How to Ride a Tram in Europe
Riding a tram might sound like an easy enough thing to figure out, and perhaps it is, but if that's the case I was a bit daft the first time I encountered one in Europe. I'd never seem a tram in person did not know how to go about purchasing a ticket, let alone know any etiquette of riding on one. So the following tips are meant to give Americans and other tourists a heads up on trams and how to ride them when you're in Europe. Note that some countries have slightly different systems, but I will do my best to cover the basics.
Buy your ticket.
This sounds obvious, I know. But the first time I rode a tram in Amsterdam, I had no idea where one was supposed to buy the tickets for the trams. Some cities and tram stops will have automated machines you can purchase a ticket from. Some cities will have a ticket booth on the tram itself and you can buy your tickets that way. I have never seen a tram on which you can buy a ticket from the driver, but that may be possible in some places. However, since you can't be sure in advance of whether or not your tram will have a ticket booth, you should be sure you have your tram tickets before you get on.

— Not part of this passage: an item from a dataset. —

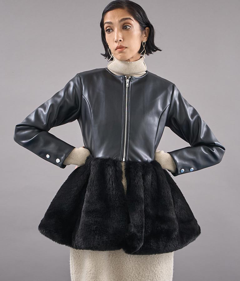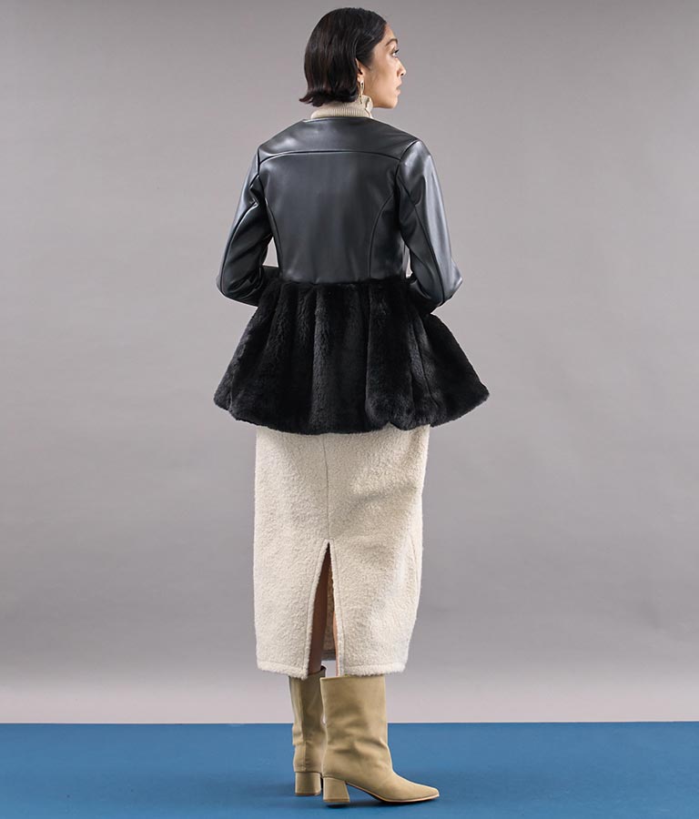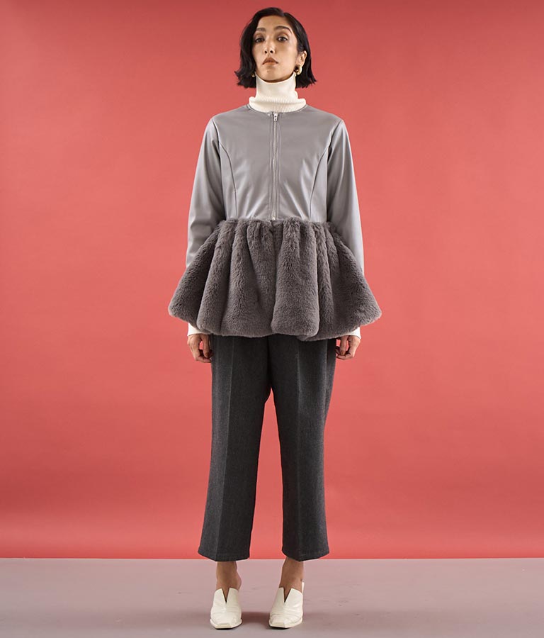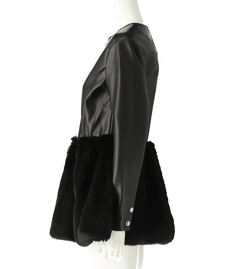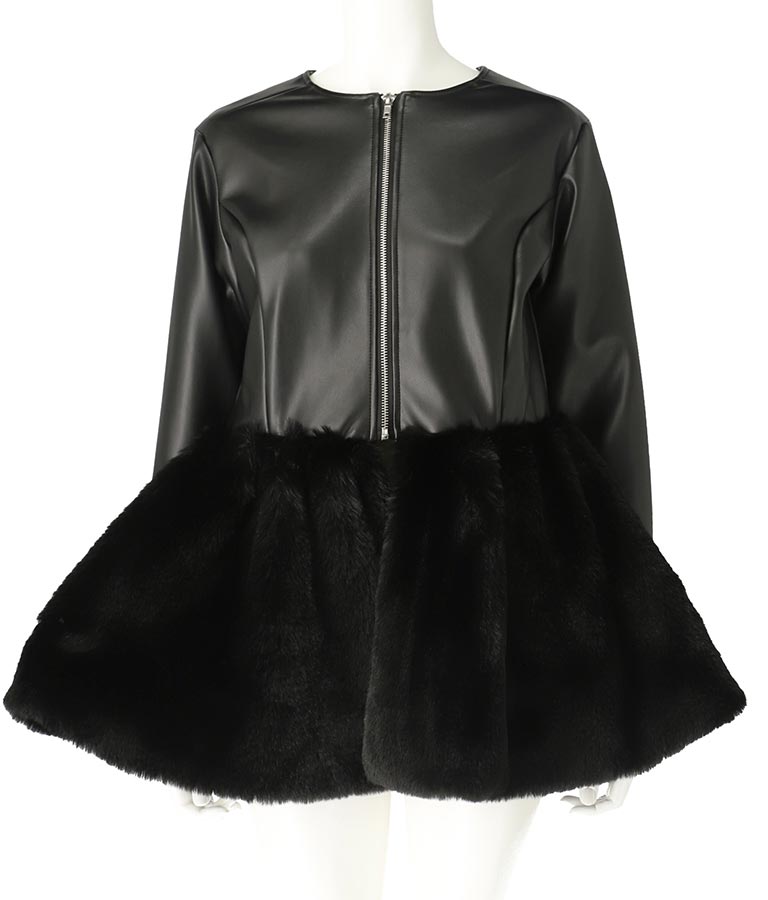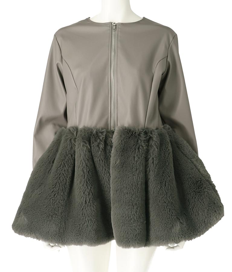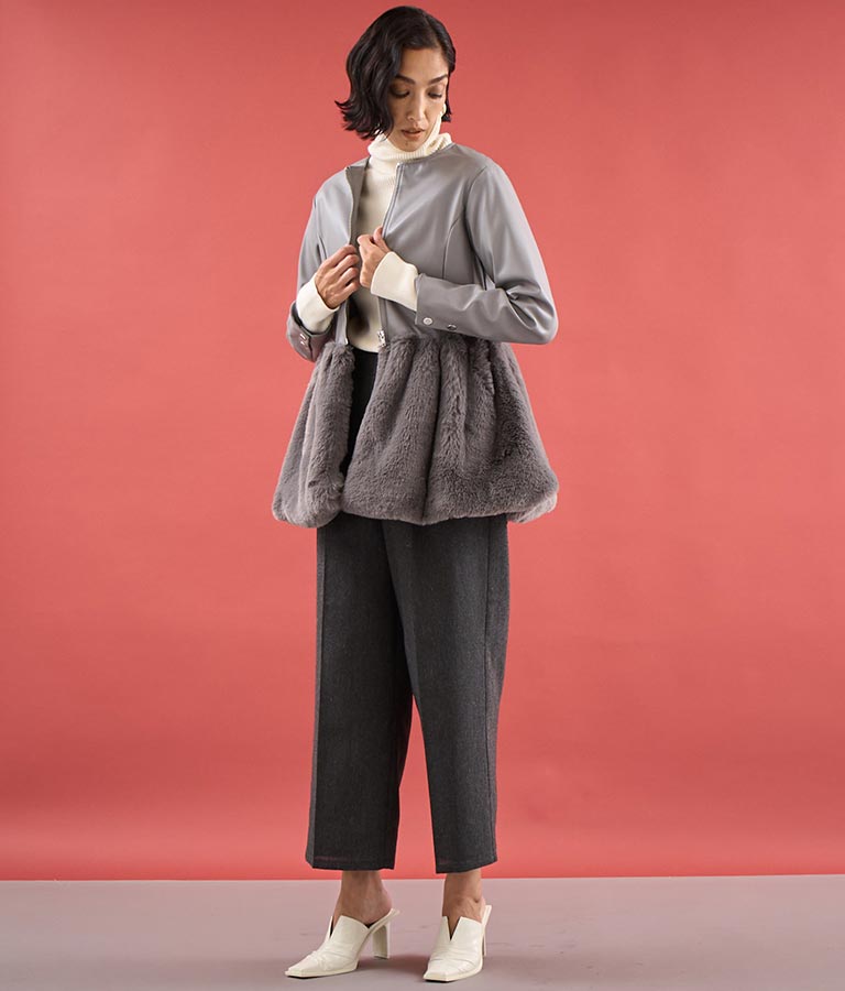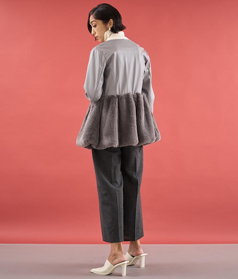 裾に配置されたボリュームたっぷりのエコファーとタイトなフェイクレザーがメリハリのあるジャケット。

Stand aside before boarding
People will be exiting the tram so before you get on you need to stand on either side of the doors and wait for the passengers to get off. Also, some trams have doors that will only open when a button is pushed, so if no one is getting off you will need to press the button in order for the doors to open. I have seen many people unable to figure this out and miss their tram as a result -- and most people on the trams who are locals will not be paying much attention to you in the process so they may not realize you don't know how to open the doors, so don't expect them to help you necessarily.
Validate your ticket.
Your ticket is not valid unless you've stamped it in the little ticket machines on the tram. These are usually affixed to a pole and have the time visible. Just punch the ticket and you'll typically have a ticket that's valid for 90 minutes, unless you've bought one that's meant to be 24, 48 or 72 hours.
Ticket inspectors are undercover people who come round with a badge and ask to see your ticket. They can be on trams, they can be at the tram station, they can be anywhere. If you haven't got a valid ticket they will make you get off the tram and they will give you a fine. You may never see a ticket inspector but this doesn't mean you shouldn't have a ticket just in case.
I should hope it goes without saying that one should give their seat up for the elderly, handicapped or small children who cannot stand easily. Observe the signs on the trams and do not sit in the seats which are meant for those persons unless you're able to quickly get up for them should they board the tram while you're on it. Also, if you're only going one stop, you should let others board first so that you're nearest to the door when your stop comes -- it's just plain rude to have to shove your way from front to back through a crowd in that situation.
Trams should only go about 50 miles per hour but some drivers are jerks and drive like maniacs round turns. Believe me when I tell you people have been killed on trams as a result of this, as have pedestrians. Do not stand on a tram without holding onto a pole or chair; it's simply not safe. Hell, even sitting down properly can lead to bruised knees if the tram driver has to stop suddenly. Granted, these things don't happen often but they do happen. Just because trams look cute and seem to drive slowly on a safe track doesn't mean you can't be injured on them, so be smart and hold on.
Mind your luggage
If you're going on the tram with your luggage, realize that it's a normal tram to everyone else and it's extremely rude to place your bags on seats or leave them in the aisle where people have to climb over them. If you have a lot of luggage, take a taxi or shuttle bus.
Mind the pickpockets
Tourists are spotted easily. Do yourself a favor and mind your surroundings and keep your valuables in a safe place.
Know your stop
You should know where you're getting on the tram and know where you're getting off. I say this because sometimes the automated voices that tell you which stop you've arrived at can be one or two stops behind and it can take the driver awhile to realize it. Therefore, you should either have a tram map with you, or you should be looking closely outside at the station names as you pass them until you're sure the announcements are correct. Sometimes the trams will have a big sign with all of the stops listed, and sometimes you'll only see the stop that's next in line. Therefore, you should be aware of your stops before you get on the tram.
Buying tickets for a longer stay
If you're staying for a week or month or something to this effect, you can buy longer duration tickets that will be cheaper in the end and which are usually also valid for other modes of transport. For example, where I live the transportation passes are valid for bus, subway, tram and some local trains. If you'll be somewhere for more than a day or two, these are well worth the cost.